Amino Acids: The Building Blocks of Proteins

While I've written many posts describing signaling pathways and cellular phenomena of significant complexity, I'd like to use this post to take a step back and look at some fundamental building blocks, first turning to amino acids, the monomers that, when polymerized, make up polypeptides and proteins. At the most basic level, amino acids are really a rather simple chemical compound, consisting of a amino group, a carboxy group, a hydrogen, and a side chain, all sticking off a central carbon atom.  These amino acids are polymerized via their amino and carboxy chemical groups to create long, linear linkages.

Brief aside: In my chemistry class in undergrad, my TA helped us remember the order of the chemical bonds following polymerization by saying N-H, C-H, C-O, N-H, C-H, C-O, ...

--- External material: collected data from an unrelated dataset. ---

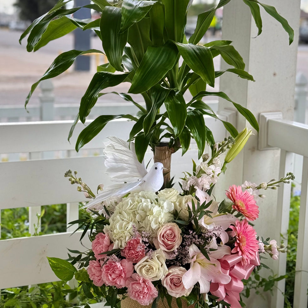 This graceful Dracaena fragrans sympathy arrangement features lush green foliage paired with soft pink roses, carnations, and gerbera daisies, accented by white hydrangeas. A white dove symbolizes peace, nestled in a stylish gold-textured pot—ideal for expressing heartfelt condolences with serenity and elegance.
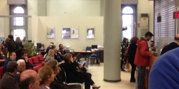 I juli 2015 var der lange køer uden for bankerne for at få lov til at hæve de daglige 50€ af egne, opsparede penge. Nu er køerne rykket inden for i banken, og der er opsat lænestole i rækker. Vi skulle betale vores 50€ “skat” for at sejle i det græske, nyt DKPA-bevis.
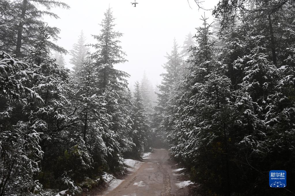 金秋時節,甘肅省張掖市肅南裕固族自治縣境內的祁連山脈迎來一場降雪,雲杉翠柏與皚皚白雪相映成趣,美不勝收。

You may remember briefly from any stint in chemistry class that a carbon atom that is covalently bound to four different chemical entities (in this case, a side chain, a hydrogen atom, a carboxyl group, and an amino group) can take two different conformations, depending on how these bonds are spatially oriented.  In the case of amino acids, the vast majority of amino acids found in our bodies and used to generate proteins are L stereoisomers.  This is a result of the amino acid synthesis machinery structure exclusively generating L amino acids.  There are exceptions, but we won't get into that.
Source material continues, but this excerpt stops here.